Abstract

IN SILICO EVALUATION OF SMALL MOLECULE INHIBITORS OF 1H 1,2,4-TRIAZOLES AND 2,4,5-TRISUBSTITUTED IMIDAZOLES AGAINST 2 ABL TYROSINE KINASE.

Annapoorna Vadivelu?, C.Uma Maheswara Reddy and V. Gopal

ABSTRACT

Recent observations of literature suggest that molecular manipulation and combination of two or more moieties into one molecule have been the method of research. A series of 17 1H,1,2,4-triazoles and 2,4,5-trisubstituted Imidazoles were designed and docking simulation was performed using Glide to position compounds into the 2 ABL tyrosine kinase structure active site to determine the probable binding model. The designed compounds were evaluated for their druglikeness, physiochemical properties and energy minimization studies were carried out for the designed compounds using chem biodraw and OSIRS. Further ADME properties such as bioavailability, distribution, metabolism and toxicity were studied using ACD/I Labs.
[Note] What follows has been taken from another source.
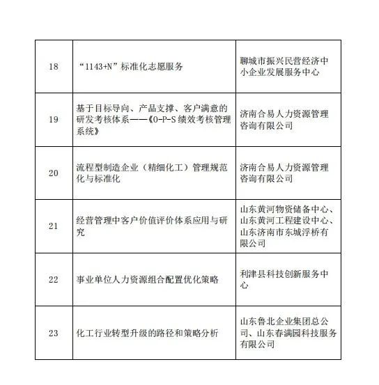 為深入貫徹黨的二十大精神,落實《工業和信息化部辦公廳關于開展數字化賦能、科技成果賦智、質量標準品牌賦值中小企業全國行活動的通知》(工信廳企業函〔2023〕171號)要求,鼓勵、支持、引導廣大中小企業加大科研投入,增強創新能力,提高科技成果轉化和產業化水平,推動科技成果有效“賦智”中小企業,持續增強核心競爭力,組織開展了2023年企業創新優秀成果推廣目錄申報工作。經企業自愿申報、各市中小企業主管部門和服務機構初審推薦、專家評審認定, 公示和異議復核等程序,確定將23項管理創新成果項目認定為創新優秀成果、新產品和論文,統一納入企業創新優秀成果推廣目錄。

The molecular docking of compounds revealed a hydrogen-bonding interaction, lowest energy value and effective docking score with the side chain of PHE109, suggesting this residue as a potential target site useful for enhancing 2 ABL tyrosine kinase inhibition. Based on the results of in silico studies compounds A7, A8, A13, AA18 and AA14 were found to have comparatively good oral bioavailability, nill genotoxicity and against 2 ABL tyrosine kinase.

Keywords: 2 ABL tyrosine kinase, 1H-1,2,4-triazole, 2,4,5-trisubstituted Imidazoles, Docking, Virtual screening, Physiochemical properties, Energy minimization studies and ADME.